◆ **Dataset extract**:
===============

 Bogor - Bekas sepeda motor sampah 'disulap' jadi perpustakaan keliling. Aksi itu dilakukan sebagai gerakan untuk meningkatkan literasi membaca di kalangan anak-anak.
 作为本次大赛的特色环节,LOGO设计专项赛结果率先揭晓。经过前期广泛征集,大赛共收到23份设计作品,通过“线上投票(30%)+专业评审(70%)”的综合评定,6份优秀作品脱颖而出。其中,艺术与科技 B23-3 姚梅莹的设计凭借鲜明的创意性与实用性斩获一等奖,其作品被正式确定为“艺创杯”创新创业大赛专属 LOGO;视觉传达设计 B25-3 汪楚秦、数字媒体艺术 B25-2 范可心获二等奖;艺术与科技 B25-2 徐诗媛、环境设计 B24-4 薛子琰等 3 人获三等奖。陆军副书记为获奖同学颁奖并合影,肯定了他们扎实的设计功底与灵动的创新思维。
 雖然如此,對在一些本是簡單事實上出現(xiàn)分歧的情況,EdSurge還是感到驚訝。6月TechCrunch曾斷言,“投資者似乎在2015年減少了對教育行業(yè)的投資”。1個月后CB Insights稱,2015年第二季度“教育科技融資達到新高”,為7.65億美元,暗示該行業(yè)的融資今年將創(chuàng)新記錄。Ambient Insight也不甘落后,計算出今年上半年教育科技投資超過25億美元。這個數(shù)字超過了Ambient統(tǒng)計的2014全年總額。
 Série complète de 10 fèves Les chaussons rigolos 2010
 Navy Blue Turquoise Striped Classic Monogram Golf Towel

===============

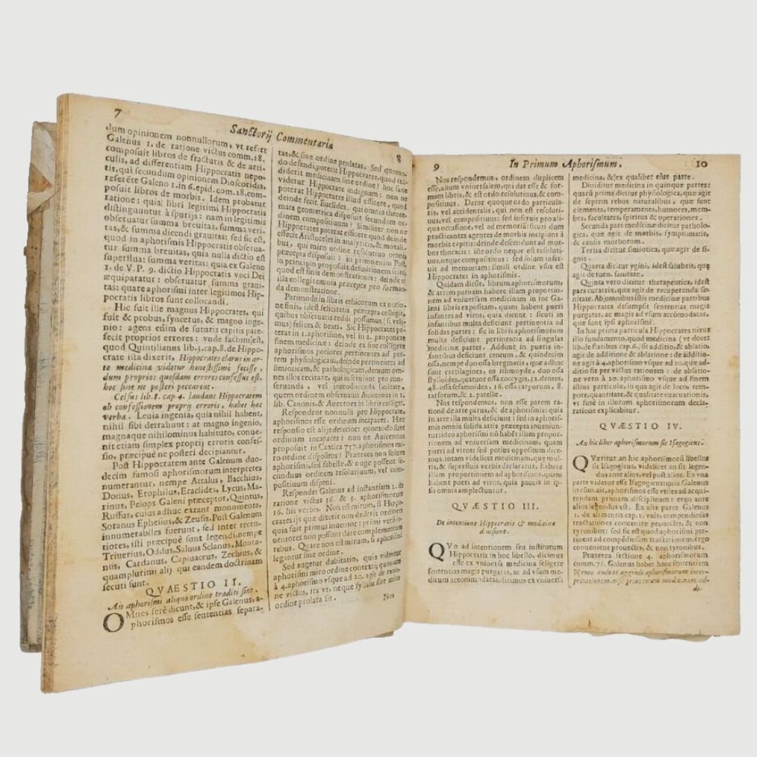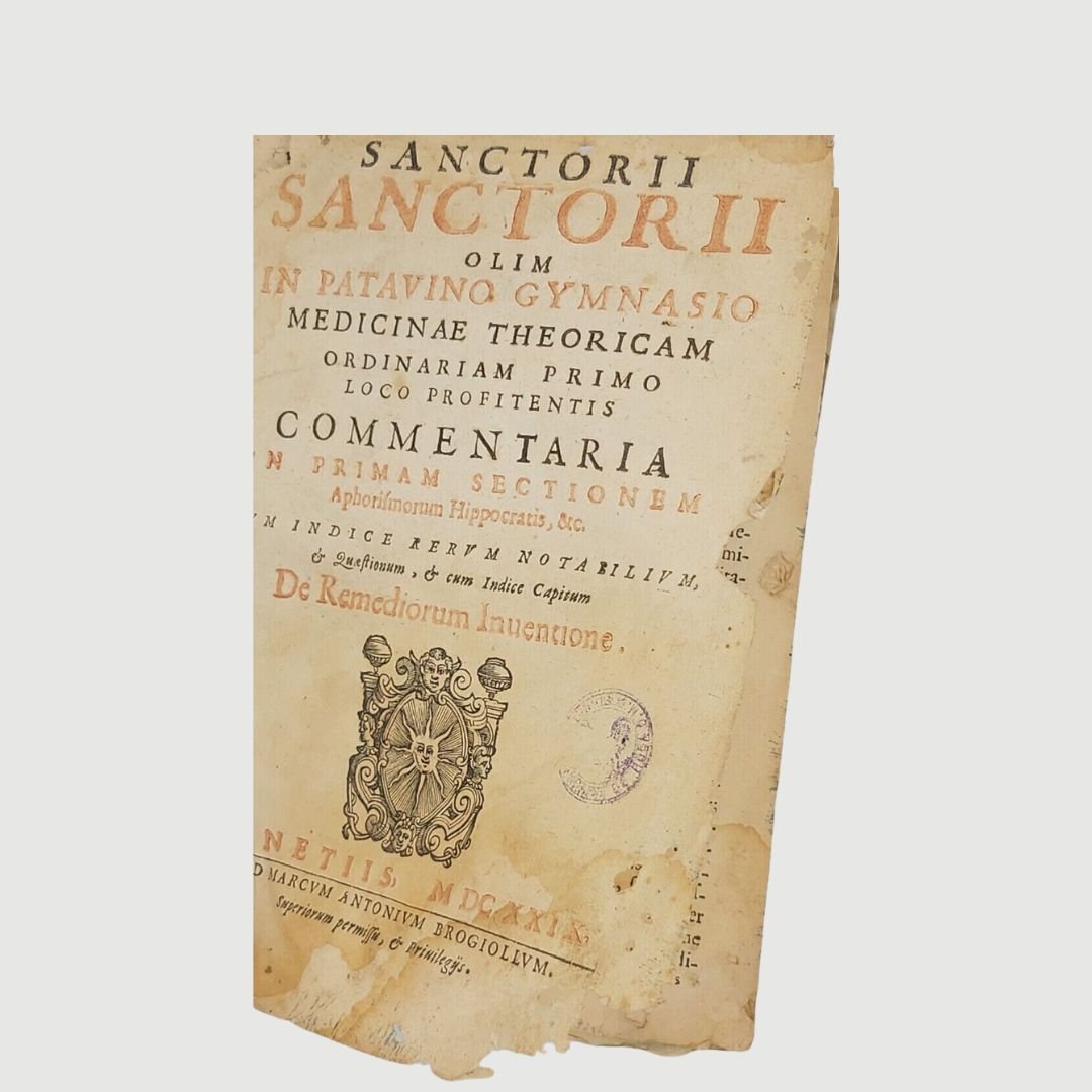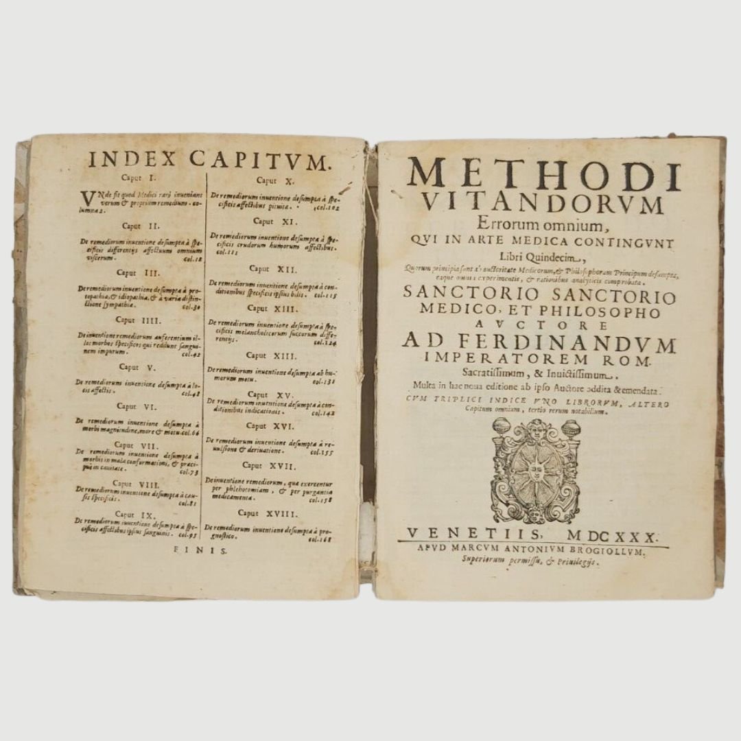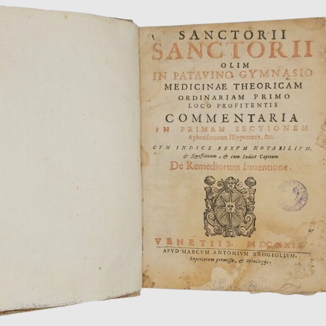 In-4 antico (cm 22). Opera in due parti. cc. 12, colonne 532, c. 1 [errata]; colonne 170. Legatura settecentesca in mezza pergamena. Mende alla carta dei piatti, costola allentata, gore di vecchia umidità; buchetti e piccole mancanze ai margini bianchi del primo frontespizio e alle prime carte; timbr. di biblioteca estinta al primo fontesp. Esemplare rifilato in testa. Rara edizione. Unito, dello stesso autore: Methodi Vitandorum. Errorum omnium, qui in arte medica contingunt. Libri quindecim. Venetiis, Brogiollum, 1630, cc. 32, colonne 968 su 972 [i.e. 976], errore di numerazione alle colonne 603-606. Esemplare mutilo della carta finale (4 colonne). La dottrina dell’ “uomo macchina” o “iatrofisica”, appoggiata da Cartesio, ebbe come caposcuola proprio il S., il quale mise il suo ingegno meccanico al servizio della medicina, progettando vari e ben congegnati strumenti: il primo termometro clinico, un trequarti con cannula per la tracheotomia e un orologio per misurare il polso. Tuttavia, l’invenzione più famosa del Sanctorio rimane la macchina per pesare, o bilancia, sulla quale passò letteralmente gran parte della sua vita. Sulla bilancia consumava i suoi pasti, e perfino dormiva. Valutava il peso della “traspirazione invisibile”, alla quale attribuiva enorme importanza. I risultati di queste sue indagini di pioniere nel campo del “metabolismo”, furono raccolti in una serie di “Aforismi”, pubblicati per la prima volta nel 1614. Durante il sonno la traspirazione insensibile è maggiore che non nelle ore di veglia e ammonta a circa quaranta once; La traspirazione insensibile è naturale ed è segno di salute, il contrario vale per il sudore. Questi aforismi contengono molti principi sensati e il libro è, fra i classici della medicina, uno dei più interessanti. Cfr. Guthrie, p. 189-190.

===============

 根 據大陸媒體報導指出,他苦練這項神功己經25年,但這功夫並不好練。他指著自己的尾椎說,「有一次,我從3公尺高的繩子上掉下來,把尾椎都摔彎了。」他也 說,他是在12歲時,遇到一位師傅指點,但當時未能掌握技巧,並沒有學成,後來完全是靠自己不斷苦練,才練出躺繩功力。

===============

◆ **Work order**: In your answer, include only the lines above starting at the line that holds "Bogor - Bekas" and ending at the line that holds "薛子琰等 3 人获三等奖。陆军副书记为获奖同学颁奖并合影,肯定了他们扎实的设计功底与灵动的创新思维。", copied exactly.

◆ **Answer to this problem**:
 Bogor - Bekas sepeda motor sampah 'disulap' jadi perpustakaan keliling. Aksi itu dilakukan sebagai gerakan untuk meningkatkan literasi membaca di kalangan anak-anak.
 作为本次大赛的特色环节,LOGO设计专项赛结果率先揭晓。经过前期广泛征集,大赛共收到23份设计作品,通过“线上投票(30%)+专业评审(70%)”的综合评定,6份优秀作品脱颖而出。其中,艺术与科技 B23-3 姚梅莹的设计凭借鲜明的创意性与实用性斩获一等奖,其作品被正式确定为“艺创杯”创新创业大赛专属 LOGO;视觉传达设计 B25-3 汪楚秦、数字媒体艺术 B25-2 范可心获二等奖;艺术与科技 B25-2 徐诗媛、环境设计 B24-4 薛子琰等 3 人获三等奖。陆军副书记为获奖同学颁奖并合影,肯定了他们扎实的设计功底与灵动的创新思维。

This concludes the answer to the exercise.